Ken Gowans, convener of the SNP’s Inverness city branch, said Liberal Democrat and Labour members who believed in independence were also in attendance along with socialist party representatives.
"A lot of people might think it is a SNP campaign but it’s not, it’s more of a public movement featuring people from all parties and some who are not," he said. "About a quarter of the people there were not members of the SNP, they just believe in independence."
Mr Gowans said the campaign planned to use local supporters as "ambassadors" who would try and influence friends, neighbours and residents to vote yes while sub-groups for people with different interests could be formed.
"There is a whole bunch of people out there who are undecided because there are so many unanswered questions," said the Inverness councillor. "The next two years is important to have a substantive debate. One of the key things is to help people to set up say Anglers for Independence, Golfers for Independence groups and so on."
The rival pro-union Better Together campaign hosted a debate in Lochaber last Friday on the benefits of staying in the UK and Labour regional MSP David Stewart warned there was a real danger of voters being switched off by the lengthy battle ahead.
"It is a crucial constitutional vote but as one SNP member said to me they only need to get lucky once," said Mr Stewart.
*Meanwhile, it has emerged that the Loch Ness Monster has become embroiled in the yes vote movement.
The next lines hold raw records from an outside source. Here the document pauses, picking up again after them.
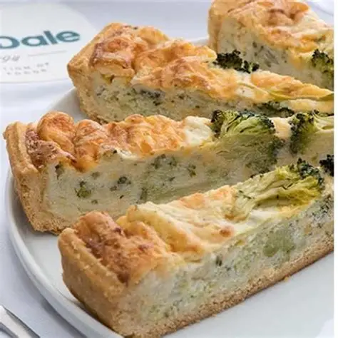A ready-baked, pre-cut (24 ptn) 11″ diameter quiche, made with British free-range eggs, broccoli florets, crumbled blue Stilton, mature Cheddar and onion, all topped with more fresh broccoli florets and baked in our in-house golden shortcrust pastry.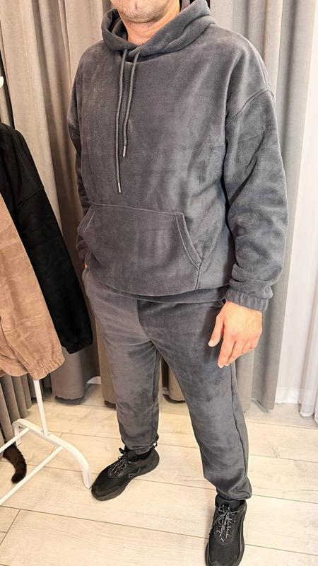 Чоловічий костюм Арт 7248/73+ Тканина: фліс «Полар» (300 г/м.кв.) Колір: графітовий Розмір: 48, 50, 52, 54 🏷️Ціна: 1250 грн Спортивний чоловічий костюм з якісного теплого флісу. Кофта із капюшоном, кишенею «кенгуру». Рукав кофти на резинці, низ кофти на манжеті. Штани із кишенями, талія на резинці, низ штанів на резинці.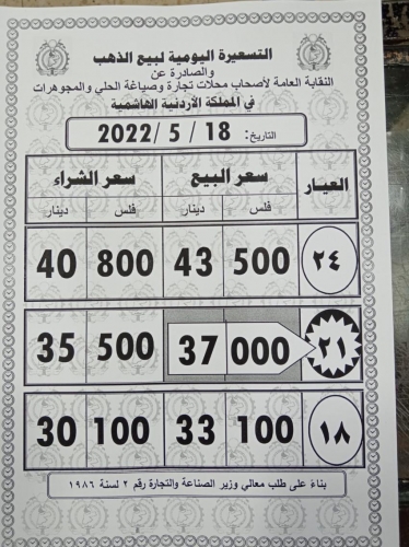 وكما بلغ سعر بيع الغرام الواحد من الذهب عياري 24 و18 لغايات الشراء من محلات الصاغة 43.5 دينارا و 33.10 دينارا على التوالي.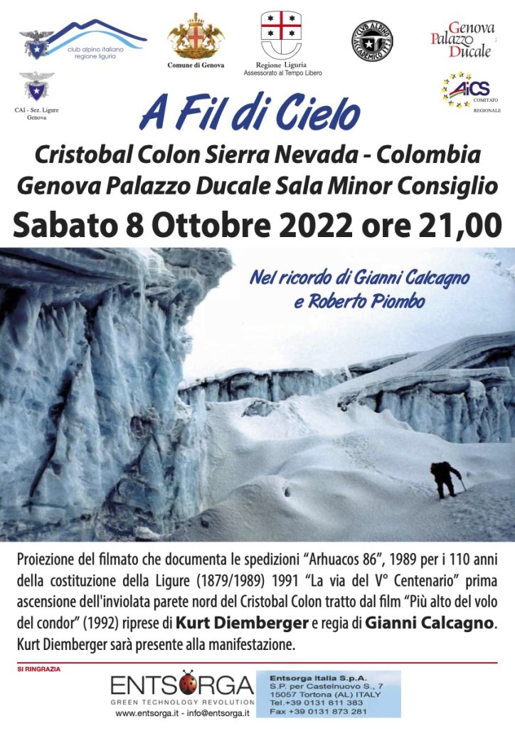 Sabato a partire dalle 21, nella sala del Minor Consiglio del Palazzo Ducale di Genova, si terrà una serata aperta al pubblico, con la proiezione del proiezione del film che documenta la prima ascensione della “Via del V centenario” sull’inviolata parete Nord del Pic Cristobal Colon (5.775 m), di cui Calcagno fu protagonista proprio in cordata con il giovane Roberto Piombo e Marcello Giovale. All’incontro prenderà parte anche Kurt Diemberger, compagno di Calcagno in molte spedizioni e autore delle straordinarie riprese effettuate durante la salita del Cristobal Colon.

The world famous monster, who attracts hundreds of thousands of visitors to the region ever year, has unwittingly become politicised. A children’s T-shirt has been produced by Yes Scotland which is emblazoned with the word "Yes" with a picture of a green Nessie-like creature.
Mr Gowans said the garment had proved popular with youngsters and his three-year-old daughter has been proudly wearing her Yessie.
But Mr Stewart said it was unfortunate Nessie had become involved because it showed the yes campaign was already sunk.
Yes Scotland is also selling retro Scotland football type T-shirts with the number 14 on the back while mugs, keyrings and shopping bags have also been made.